GDS With NVMe-oF RDMA On Nixl: P2PDMA=false?
Hey guys, I've been wrestling with getting GDS (GPU Direct Storage) to play nice with NVMe-oF RDMA (Remote Direct Memory Access) on a nixl system, and I wanted to share my findings and see if anyone else has run into this. Specifically, I'm trying to figure out the correct configuration, especially concerning the P2PDMA setting in the cufile.json file. Let's dive into it, shall we?
The Setup and the Problem
So, I've been validating GDS with NVMe-oF RDMA on my nixl setup. The goal is to get the GPU directly accessing storage over RDMA, which should give us a nice performance boost by bypassing the CPU for data transfers. Sounds great, right? Well, there's a little snag. When the use_pci_p2pdma parameter within my cufile.json is set to true, things just don't work as expected. The cufile_sample_001 program, which is a test utility for GDS, throws an Input/output error when it tries to write data from the device memory. Essentially, the write operation fails. Let's take a closer look at the error when P2PDMA is enabled.

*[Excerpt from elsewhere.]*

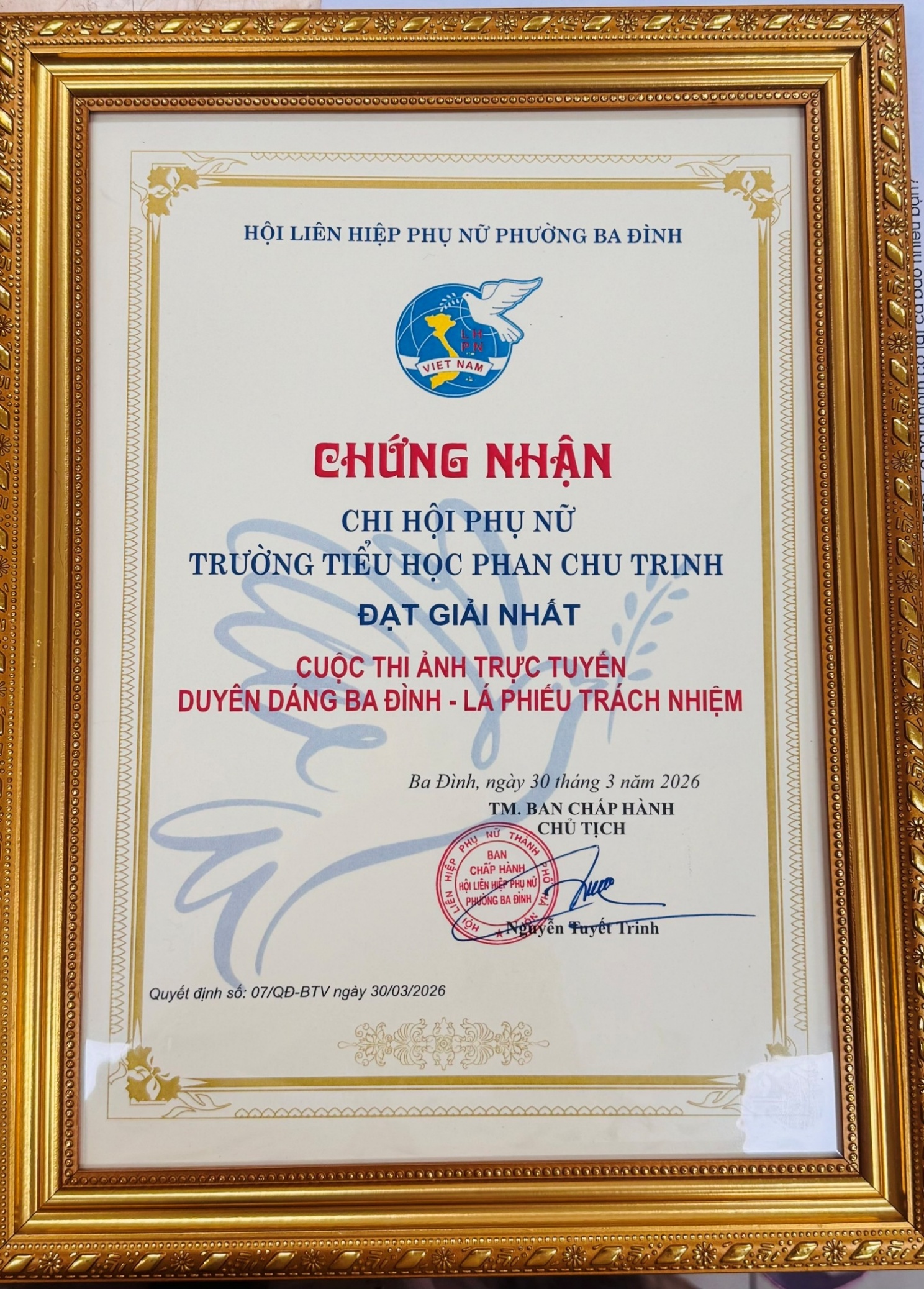 Chi hội Phụ nữ Trường Tiểu học Phan Chu Trinh vinh dự đạt Giải Nhất Cuộc thi ảnh “Duyên dáng Ba Đình – Lá phiếu trách nhiệm”. Thành tích là dấu ấn đẹp của tập thể nữ cán bộ, giáo viên nhà trường trong các hoạt động hưởng ứng Ngày hội bầu cử Đại biểu Quốc hội khóa XVI và Đại biểu HĐND các cấp nhiệm kỳ 2026 – 2031.

$ ./cufile_sample_001 /mnt_nvmf/test/reg1G 0
opening file /mnt_nvmf/test/reg1G
registering device memory of size :131072
writing from device memory
write failed : Input/output error
deregistering device memory
As you can see, the sample program attempts to write to the NVMe-oF storage, but the write operation fails. This is a common issue when GDS isn't correctly configured. The error message is quite generic, which doesn't help much in pinpointing the root cause directly. However, based on my experimentation, this issue is linked to how GDS and NVMe-oF are interacting when P2PDMA is enabled. This failure suggests that there's a compatibility issue or a conflict in how the data transfers are being handled when the P2P DMA functionality is enabled alongside the NVMe-oF RDMA setup. It's likely that the underlying RDMA mechanisms or the way the GPU interacts with the network adapter is causing this I/O error. The exact nature of the problem could stem from various factors, such as improper memory mapping, incorrect RDMA configuration, or conflicts between GDS and the network interface card's settings.

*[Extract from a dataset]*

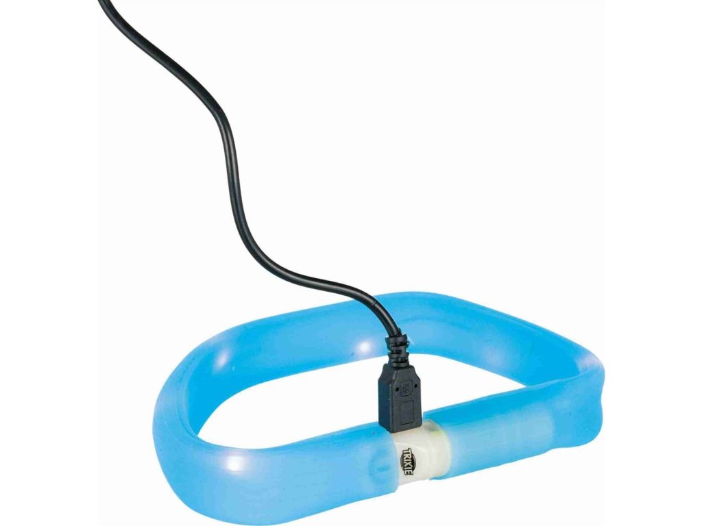 USB svítící obojek PLOCHÝ L-XL 70cm/30 mm modrý

The Solution: P2PDMA = false
Now, here's the interesting part. When I set the use_pci_p2pdma parameter to false, everything works perfectly fine. The cufile_sample_001 program successfully writes data, and the test completes without any errors. This is a clear indication that disabling P2PDMA is a crucial step for getting GDS to function correctly with NVMe-oF RDMA in my nixl environment. Let's look at the success log when P2PDMA is disabled:
$ ./cufile_sample_001 /mnt_nvmf/test/reg1G 0
opening file /mnt_nvmf/test/reg1G
registering device memory of size :131072
writing from device memory
written bytes :131072
deregistering device memory
As the output shows, the program successfully writes the data, which indicates that the GDS is functioning correctly with NVMe-oF RDMA when P2PDMA is disabled. This is a critical finding, as it signifies a clear dependency between the two technologies when they are used together. This success suggests that, with P2PDMA turned off, the communication protocols and memory management methods employed by GDS and NVMe-oF RDMA are compatible and can work seamlessly. The Input/output error we saw before is completely gone, which clearly demonstrates the importance of configuring use_pci_p2pdma setting for the setup. This could imply that there is some conflict or incompatibility between the P2P DMA mechanism and the RDMA functionality of NVMe-oF. When P2PDMA is disabled, the system may default to using alternative data transfer methods that are compatible with RDMA.
Deep Dive into cufile.json and Configuration
Let's break down the relevant parts of my cufile.json configuration file. This file tells GDS how to behave. It's the key to making everything work correctly. Here is my configuration file for cufile.json:
{
"execution" : {
"max_io_queue_depth": 128,
"max_io_threads" : 4,
"parallel_io" : true,
"min_io_threshold_size_kb" : 8192,
"max_request_parallelism" : 4
},
"properties": {
"max_direct_io_size_kb" : 16384,
"max_device_cache_size_kb" : 131072,
"per_buffer_cache_size_kb": 1024,
"max_device_pinned_mem_size_kb" : 33554432,
"use_poll_mode" : false,
"poll_mode_max_size_kb": 4,
"use_pci_p2pdma": true,
"allow_compat_mode": false,
"gds_rdma_write_support": true,
"io_batchsize": 128,
"io_priority": "default",
"rdma_dev_addr_list": ["192.168.150.109" ],
"rdma_load_balancing_policy": "RoundRobin",
"rdma_dynamic_routing": false,
"rdma_dynamic_routing_order": [ "GPU_MEM_NVLINKS", "GPU_MEM", "SYS_MEM", "P2P" ]
},
}
The most important line here is "use_pci_p2pdma": true, which, as we've seen, is the culprit when set to true. Notice the other settings as well; they play a role in how GDS interacts with the system. For example, gds_rdma_write_support must be enabled (true) to allow GDS to work with RDMA-based storage. The rdma_dev_addr_list provides the IP addresses of the RDMA devices. The rdma_load_balancing_policy setting is how RDMA memory registration (MR) is distributed across network interface cards (NICs). And finally rdma_dynamic_routing controls how RDMA routes data.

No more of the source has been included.